**EXERCISE INPUTS**
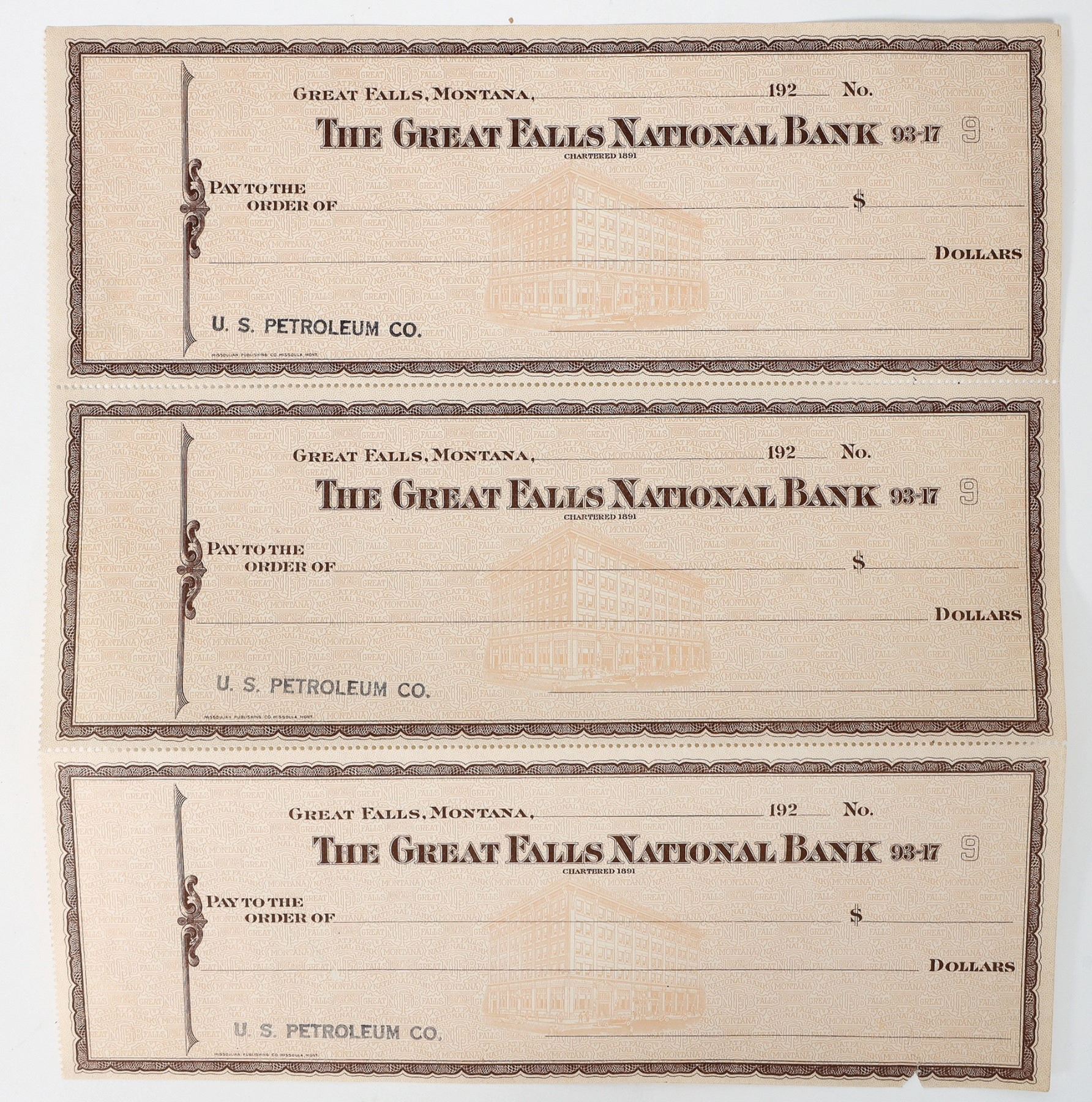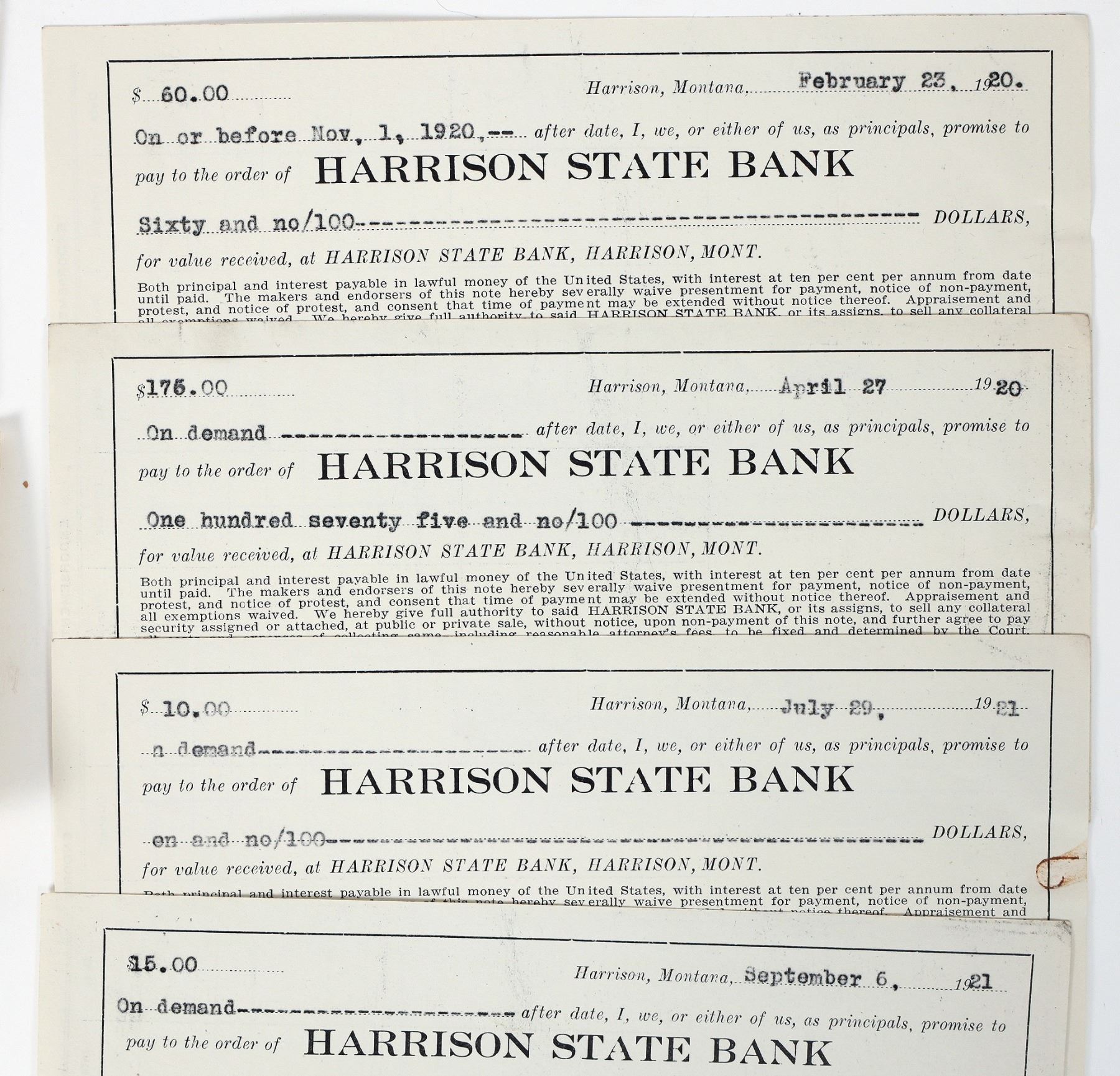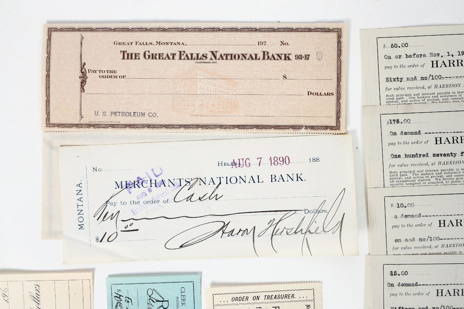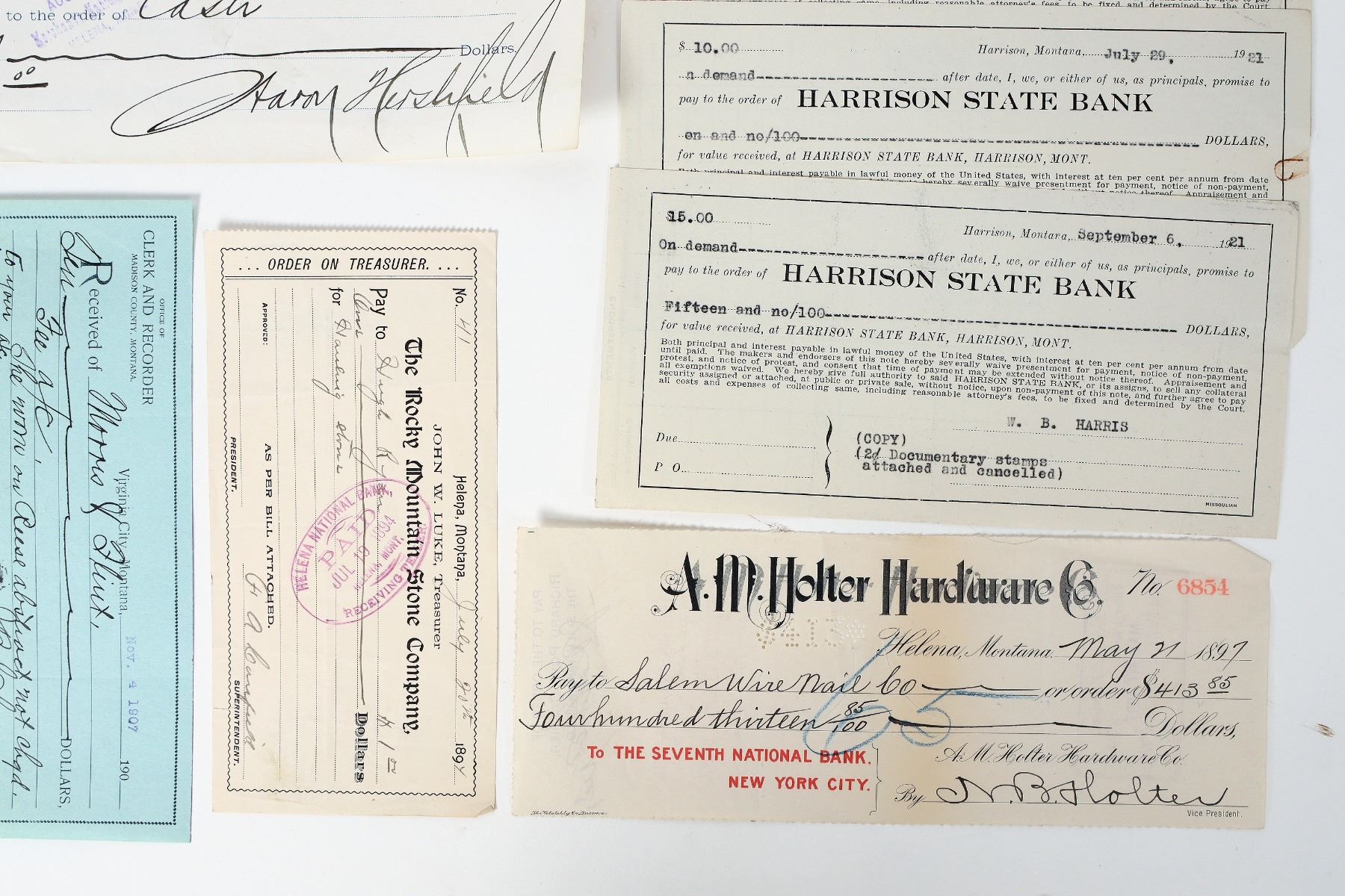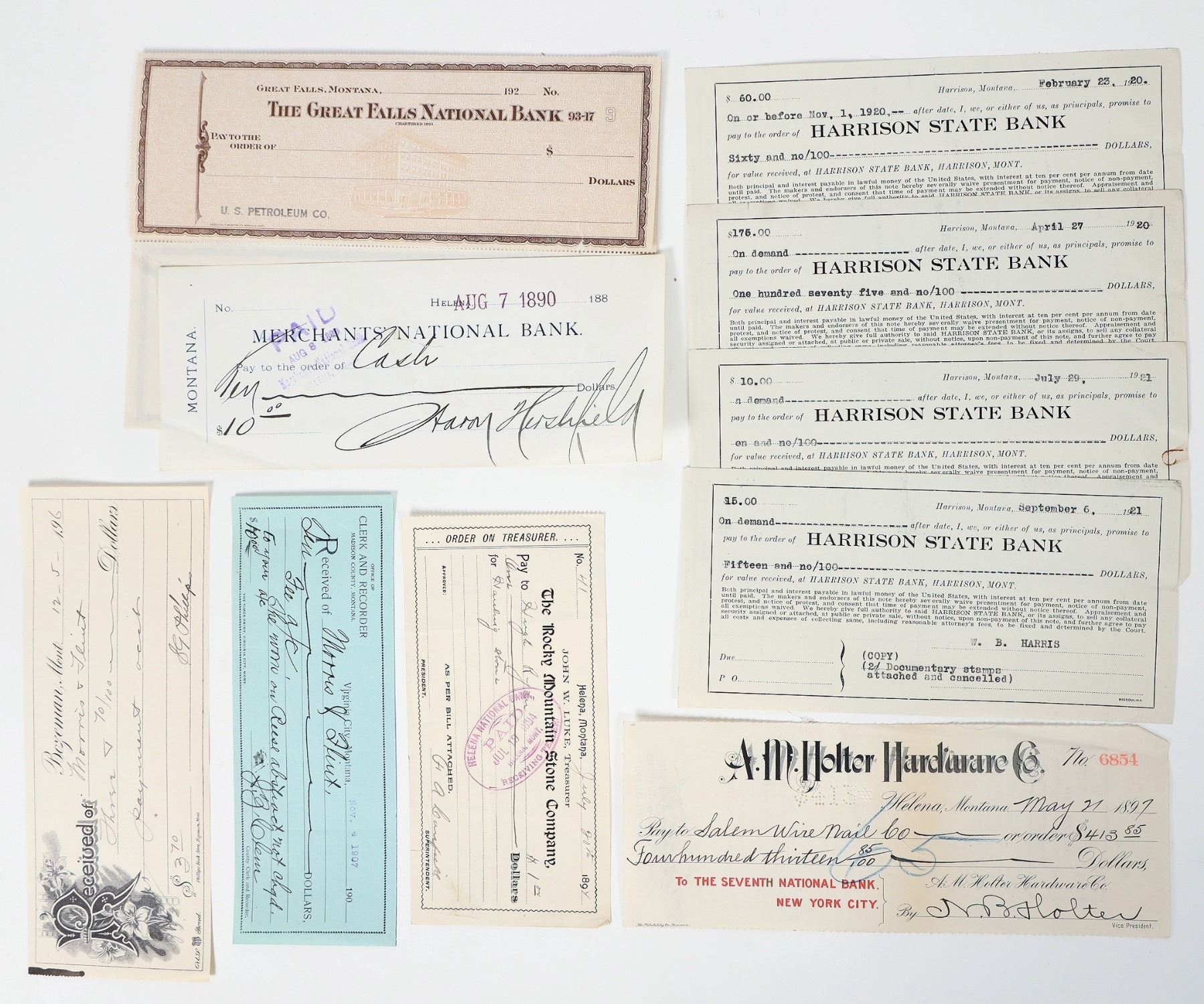 A dozen checks, receipts & notes drafted on Montana banks, c1890-1921. Includes Merchants' National Bank, bank check, c1890; The Rocky Mountain Stone Company, check, c1894; A.M. Holter Hardware Co., check, c1897; Harrison State Bank, promissory notes (3), c1920; Madison County, MT, Clerk & Recorder's Office, receipt, 1907; etc.[ Montana
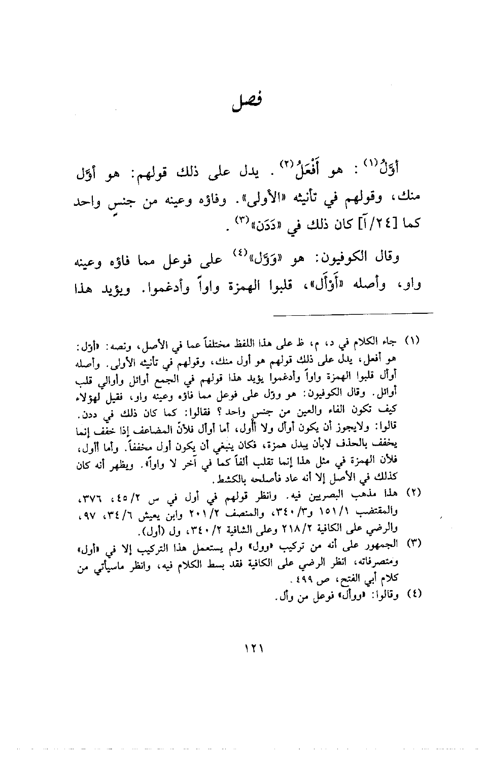 أول: هو أفعل. يدل على ذلك قولهم: هو أول منك، وقولهم في تأنيثه (الأولى). وفاؤه وعينه من جنس واحد كما [24/آ] كان ذلك في (ددن).
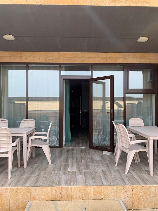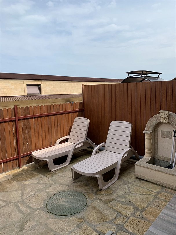 отличный номер с потрясающим видом на море без препятствий, во дворе имеется мангал, столы и стулья для больших компаний (до 8 человек), крытая терраса и шезлонги для загара.Услуги и удобства
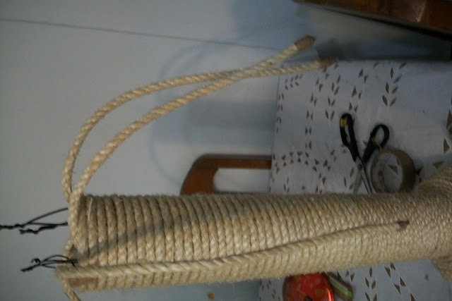 O brinquedo pronto. Foram 20 metros de corda 6 colas quente grossas. Meio metro de cano.
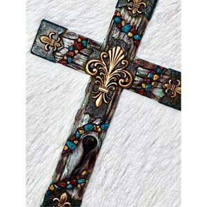 •Style: The cross has a rustic or Southwestern aesthetic, incorporating elements like weathered finishes and a multi-layered appearance.
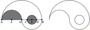 Một công ty thiết kế một logo là hình bao gồm một nửa hình tròn lớn có bán kính $\text{OA} =
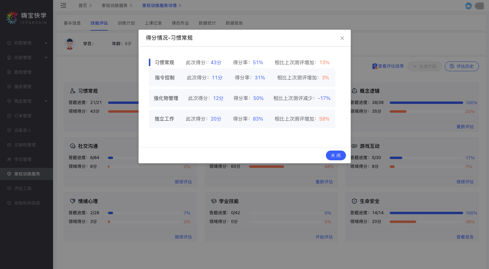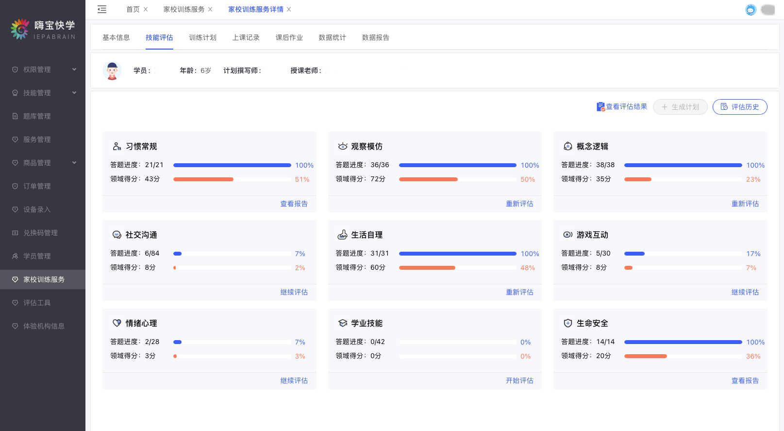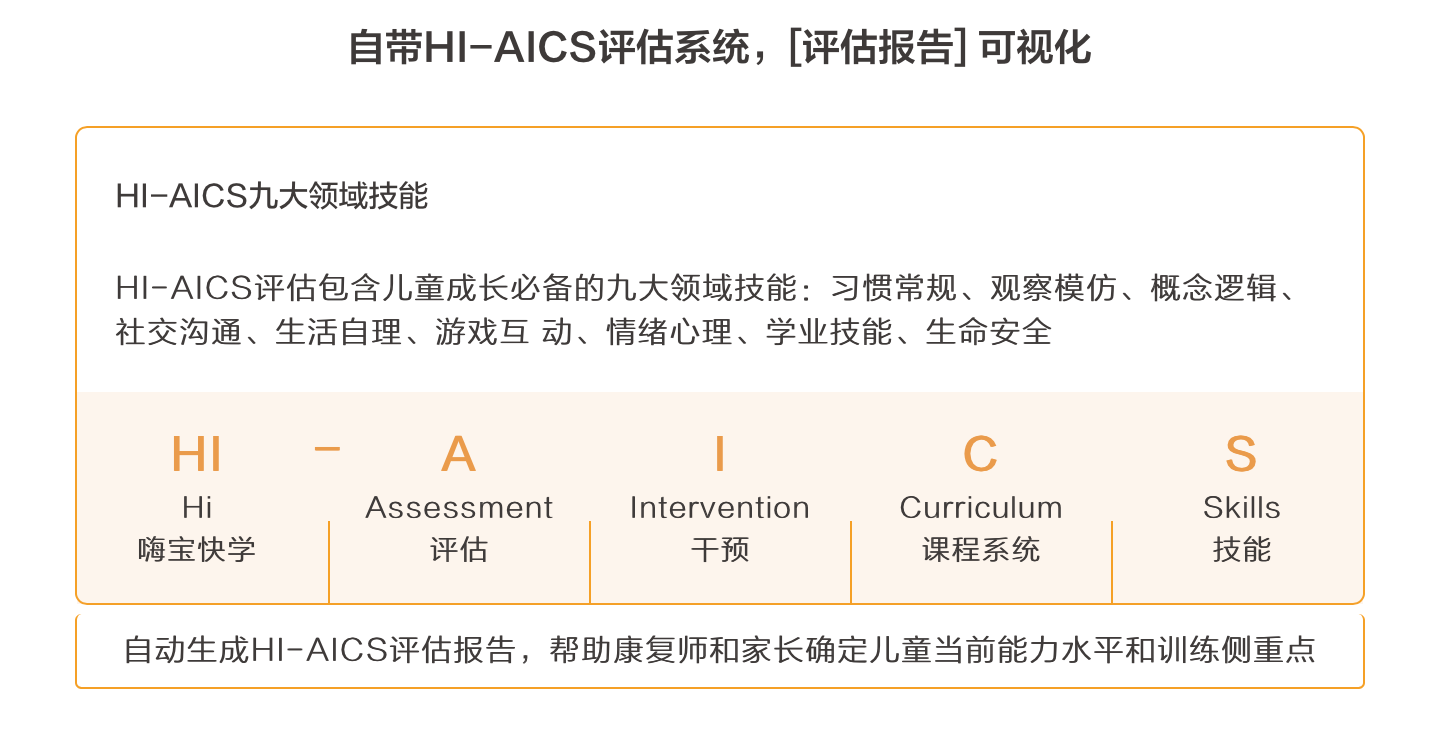 嗨寶快學作為兒童康復機構的數字化教學系統,為康復機構與老師提供包括兒童能力評估、康復教學實施、教案生成、數據記錄、課后作業管理等服務,提高老師工作效率,協助機構線下康復服務數字化。
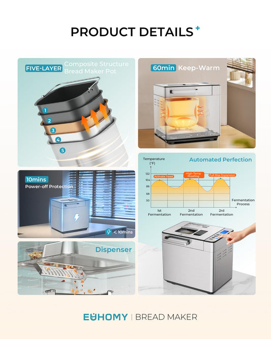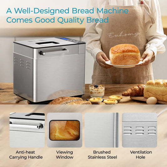 EUHOMY 25-in-1 Bread Maker Machine 2LB Breadmaker, Bread Machines with Nut Dispenser and Yeast Dispenser, 3 Loaf Sizes 3 Crust Colors, Dough Maker with Customized Options, Gluten-Free, Recipe, Gifts
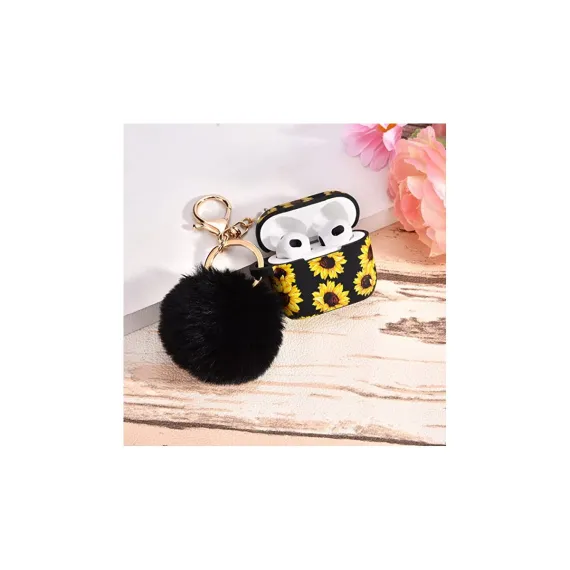 Worryfree Gadgets Case Compatible with Apple Airpods 3 Generation 3rd Cases Silicone Earbuds Case Cover for Women Girls Wireless Charging Sunflower Case with Black Pom Pom Keychain, Sunflower
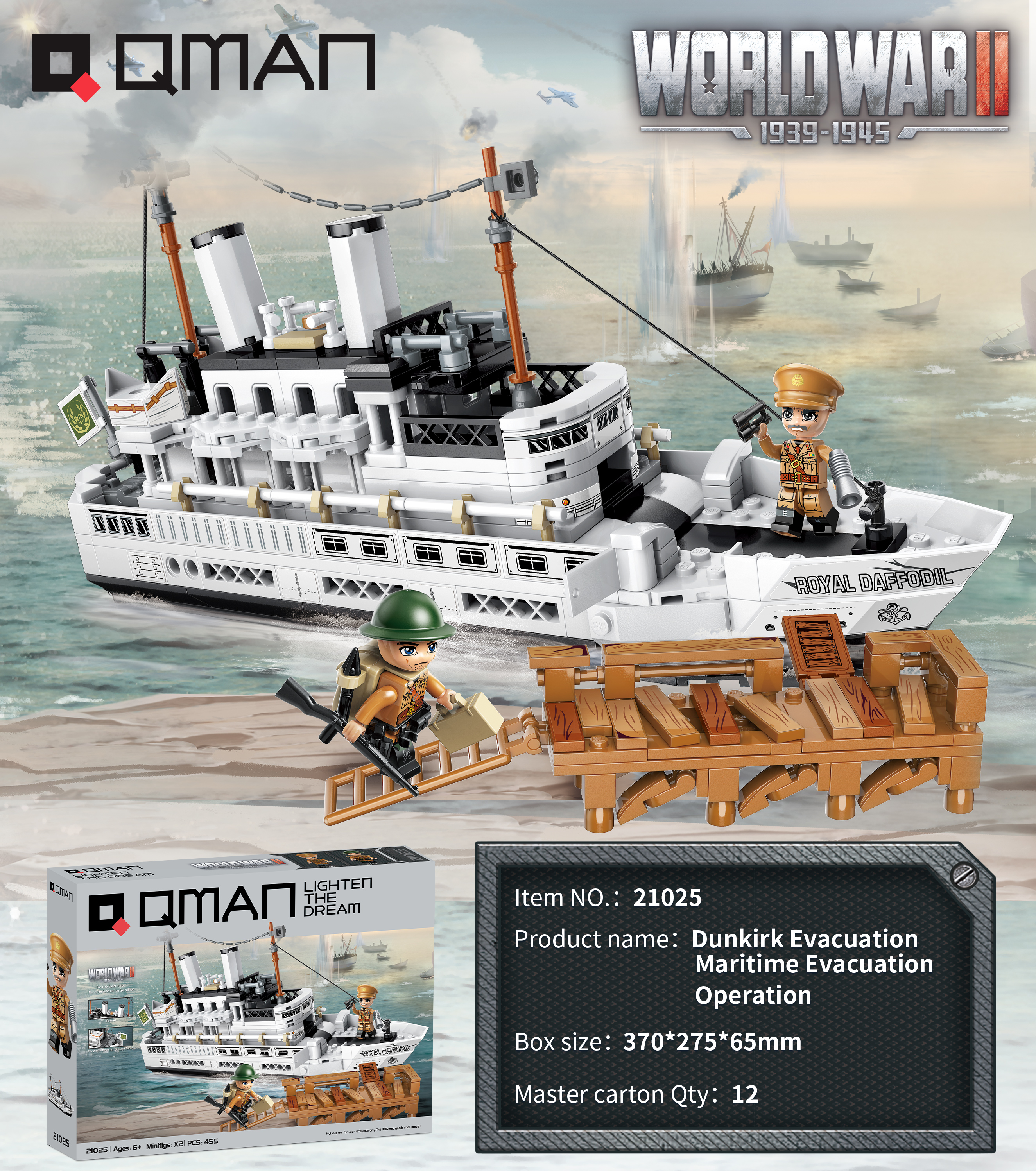 Bộ xếp hình, lắp ráp Qman 21025 – Sơ tán hàng hải là sản phẩm mới chủ đề quân sự trong Thế Chiến II, bộ sưu tập rất hấp dẫn của QMAN.

**EXERCISE BRIEF**
Exclude every picture, then return precisely the lines that run from the line containing "O brinquedo pronto." through the end of the entries above.

**RESPONSE BELOW**
 O brinquedo pronto. Foram 20 metros de corda 6 colas quente grossas. Meio metro de cano.
 •Style: The cross has a rustic or Southwestern aesthetic, incorporating elements like weathered finishes and a multi-layered appearance.
 Một công ty thiết kế một logo là hình bao gồm một nửa hình tròn lớn có bán kính $\text{OA} =
 嗨寶快學作為兒童康復機構的數字化教學系統,為康復機構與老師提供包括兒童能力評估、康復教學實施、教案生成、數據記錄、課后作業管理等服務,提高老師工作效率,協助機構線下康復服務數字化。
 EUHOMY 25-in-1 Bread Maker Machine 2LB Breadmaker, Bread Machines with Nut Dispenser and Yeast Dispenser, 3 Loaf Sizes 3 Crust Colors, Dough Maker with Customized Options, Gluten-Free, Recipe, Gifts
 Worryfree Gadgets Case Compatible with Apple Airpods 3 Generation 3rd Cases Silicone Earbuds Case Cover for Women Girls Wireless Charging Sunflower Case with Black Pom Pom Keychain, Sunflower
 Bộ xếp hình, lắp ráp Qman 21025 – Sơ tán hàng hải là sản phẩm mới chủ đề quân sự trong Thế Chiến II, bộ sưu tập rất hấp dẫn của QMAN.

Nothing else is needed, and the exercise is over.